Give back the records below verbatim, please, but without a single image.

╭─ RAW DATA

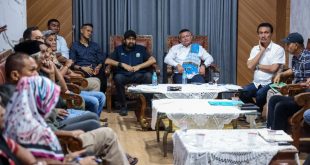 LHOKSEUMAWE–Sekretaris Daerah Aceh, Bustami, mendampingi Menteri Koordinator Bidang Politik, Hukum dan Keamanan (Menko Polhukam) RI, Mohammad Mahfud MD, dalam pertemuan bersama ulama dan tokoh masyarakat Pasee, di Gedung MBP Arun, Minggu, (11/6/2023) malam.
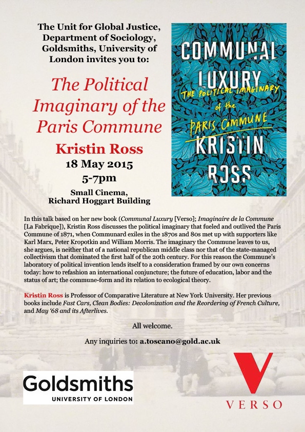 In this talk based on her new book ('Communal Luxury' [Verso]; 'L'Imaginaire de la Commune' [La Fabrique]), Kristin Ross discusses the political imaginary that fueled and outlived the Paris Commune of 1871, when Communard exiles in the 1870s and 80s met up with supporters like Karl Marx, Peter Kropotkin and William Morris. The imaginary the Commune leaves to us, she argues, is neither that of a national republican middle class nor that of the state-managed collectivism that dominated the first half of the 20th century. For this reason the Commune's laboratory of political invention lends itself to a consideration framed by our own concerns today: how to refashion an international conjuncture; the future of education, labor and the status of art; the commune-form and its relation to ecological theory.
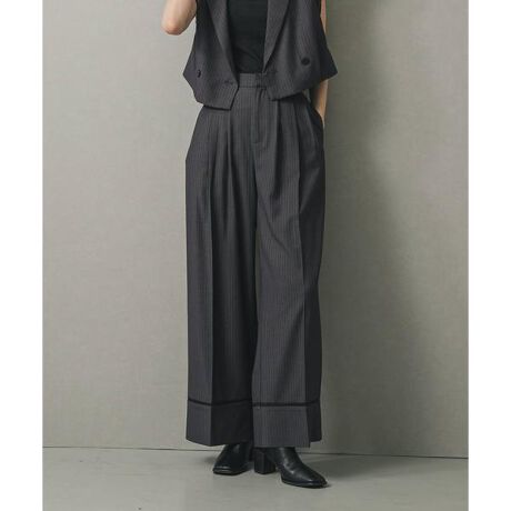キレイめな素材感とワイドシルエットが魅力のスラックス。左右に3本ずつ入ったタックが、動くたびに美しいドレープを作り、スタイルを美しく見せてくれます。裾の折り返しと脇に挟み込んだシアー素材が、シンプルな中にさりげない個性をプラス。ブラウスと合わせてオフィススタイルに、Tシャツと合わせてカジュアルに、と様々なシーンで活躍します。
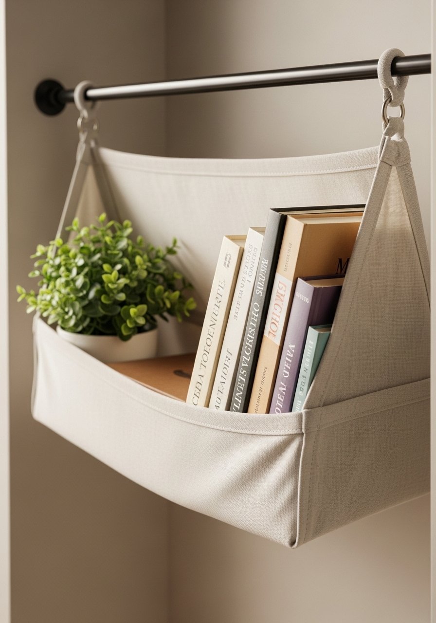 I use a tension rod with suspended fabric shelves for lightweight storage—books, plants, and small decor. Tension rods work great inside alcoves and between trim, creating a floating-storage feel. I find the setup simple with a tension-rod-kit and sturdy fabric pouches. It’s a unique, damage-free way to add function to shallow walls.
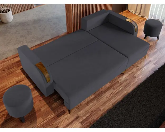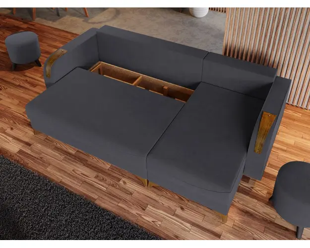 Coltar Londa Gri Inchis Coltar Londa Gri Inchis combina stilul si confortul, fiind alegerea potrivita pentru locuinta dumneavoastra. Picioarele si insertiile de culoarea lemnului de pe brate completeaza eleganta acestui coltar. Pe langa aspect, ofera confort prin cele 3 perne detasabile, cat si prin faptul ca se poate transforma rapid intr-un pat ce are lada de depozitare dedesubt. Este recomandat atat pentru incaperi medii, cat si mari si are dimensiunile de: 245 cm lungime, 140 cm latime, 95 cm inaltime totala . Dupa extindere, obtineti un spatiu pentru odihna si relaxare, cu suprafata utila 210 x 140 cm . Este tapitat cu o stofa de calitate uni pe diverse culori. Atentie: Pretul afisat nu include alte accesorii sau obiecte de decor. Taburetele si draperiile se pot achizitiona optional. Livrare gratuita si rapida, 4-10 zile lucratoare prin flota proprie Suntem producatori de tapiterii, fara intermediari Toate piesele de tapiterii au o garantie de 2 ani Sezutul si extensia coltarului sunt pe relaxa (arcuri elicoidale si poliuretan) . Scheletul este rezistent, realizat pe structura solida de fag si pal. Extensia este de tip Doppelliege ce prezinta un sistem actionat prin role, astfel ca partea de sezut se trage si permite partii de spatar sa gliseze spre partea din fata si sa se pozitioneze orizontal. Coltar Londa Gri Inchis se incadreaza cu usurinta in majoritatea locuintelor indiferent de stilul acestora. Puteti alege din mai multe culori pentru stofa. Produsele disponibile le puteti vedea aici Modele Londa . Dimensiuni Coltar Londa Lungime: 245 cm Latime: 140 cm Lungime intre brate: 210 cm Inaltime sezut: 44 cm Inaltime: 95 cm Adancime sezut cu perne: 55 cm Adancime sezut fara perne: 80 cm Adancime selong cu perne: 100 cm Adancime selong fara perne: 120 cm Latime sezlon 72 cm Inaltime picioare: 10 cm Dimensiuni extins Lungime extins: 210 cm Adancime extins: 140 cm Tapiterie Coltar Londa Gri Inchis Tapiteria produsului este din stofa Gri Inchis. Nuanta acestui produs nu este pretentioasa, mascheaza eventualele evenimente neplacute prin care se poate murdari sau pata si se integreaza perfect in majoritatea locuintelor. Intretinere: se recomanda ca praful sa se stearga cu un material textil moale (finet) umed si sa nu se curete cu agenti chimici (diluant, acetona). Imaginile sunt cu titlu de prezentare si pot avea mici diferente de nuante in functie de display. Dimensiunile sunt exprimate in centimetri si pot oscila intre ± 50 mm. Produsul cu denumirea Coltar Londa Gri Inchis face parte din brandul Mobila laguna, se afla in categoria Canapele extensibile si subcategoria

╰─

→ **EXERCISE OUTPUT**:
 LHOKSEUMAWE–Sekretaris Daerah Aceh, Bustami, mendampingi Menteri Koordinator Bidang Politik, Hukum dan Keamanan (Menko Polhukam) RI, Mohammad Mahfud MD, dalam pertemuan bersama ulama dan tokoh masyarakat Pasee, di Gedung MBP Arun, Minggu, (11/6/2023) malam.
 In this talk based on her new book ('Communal Luxury' [Verso]; 'L'Imaginaire de la Commune' [La Fabrique]), Kristin Ross discusses the political imaginary that fueled and outlived the Paris Commune of 1871, when Communard exiles in the 1870s and 80s met up with supporters like Karl Marx, Peter Kropotkin and William Morris. The imaginary the Commune leaves to us, she argues, is neither that of a national republican middle class nor that of the state-managed collectivism that dominated the first half of the 20th century. For this reason the Commune's laboratory of political invention lends itself to a consideration framed by our own concerns today: how to refashion an international conjuncture; the future of education, labor and the status of art; the commune-form and its relation to ecological theory.
キレイめな素材感とワイドシルエットが魅力のスラックス。左右に3本ずつ入ったタックが、動くたびに美しいドレープを作り、スタイルを美しく見せてくれます。裾の折り返しと脇に挟み込んだシアー素材が、シンプルな中にさりげない個性をプラス。ブラウスと合わせてオフィススタイルに、Tシャツと合わせてカジュアルに、と様々なシーンで活躍します。
 I use a tension rod with suspended fabric shelves for lightweight storage—books, plants, and small decor. Tension rods work great inside alcoves and between trim, creating a floating-storage feel. I find the setup simple with a tension-rod-kit and sturdy fabric pouches. It’s a unique, damage-free way to add function to shallow walls.
 Coltar Londa Gri Inchis Coltar Londa Gri Inchis combina stilul si confortul, fiind alegerea potrivita pentru locuinta dumneavoastra. Picioarele si insertiile de culoarea lemnului de pe brate completeaza eleganta acestui coltar. Pe langa aspect, ofera confort prin cele 3 perne detasabile, cat si prin faptul ca se poate transforma rapid intr-un pat ce are lada de depozitare dedesubt. Este recomandat atat pentru incaperi medii, cat si mari si are dimensiunile de: 245 cm lungime, 140 cm latime, 95 cm inaltime totala . Dupa extindere, obtineti un spatiu pentru odihna si relaxare, cu suprafata utila 210 x 140 cm . Este tapitat cu o stofa de calitate uni pe diverse culori. Atentie: Pretul afisat nu include alte accesorii sau obiecte de decor. Taburetele si draperiile se pot achizitiona optional. Livrare gratuita si rapida, 4-10 zile lucratoare prin flota proprie Suntem producatori de tapiterii, fara intermediari Toate piesele de tapiterii au o garantie de 2 ani Sezutul si extensia coltarului sunt pe relaxa (arcuri elicoidale si poliuretan) . Scheletul este rezistent, realizat pe structura solida de fag si pal. Extensia este de tip Doppelliege ce prezinta un sistem actionat prin role, astfel ca partea de sezut se trage si permite partii de spatar sa gliseze spre partea din fata si sa se pozitioneze orizontal. Coltar Londa Gri Inchis se incadreaza cu usurinta in majoritatea locuintelor indiferent de stilul acestora. Puteti alege din mai multe culori pentru stofa. Produsele disponibile le puteti vedea aici Modele Londa . Dimensiuni Coltar Londa Lungime: 245 cm Latime: 140 cm Lungime intre brate: 210 cm Inaltime sezut: 44 cm Inaltime: 95 cm Adancime sezut cu perne: 55 cm Adancime sezut fara perne: 80 cm Adancime selong cu perne: 100 cm Adancime selong fara perne: 120 cm Latime sezlon 72 cm Inaltime picioare: 10 cm Dimensiuni extins Lungime extins: 210 cm Adancime extins: 140 cm Tapiterie Coltar Londa Gri Inchis Tapiteria produsului este din stofa Gri Inchis. Nuanta acestui produs nu este pretentioasa, mascheaza eventualele evenimente neplacute prin care se poate murdari sau pata si se integreaza perfect in majoritatea locuintelor. Intretinere: se recomanda ca praful sa se stearga cu un material textil moale (finet) umed si sa nu se curete cu agenti chimici (diluant, acetona). Imaginile sunt cu titlu de prezentare si pot avea mici diferente de nuante in functie de display. Dimensiunile sunt exprimate in centimetri si pot oscila intre ± 50 mm. Produsul cu denumirea Coltar Londa Gri Inchis face parte din brandul Mobila laguna, se afla in categoria Canapele extensibile si subcategoria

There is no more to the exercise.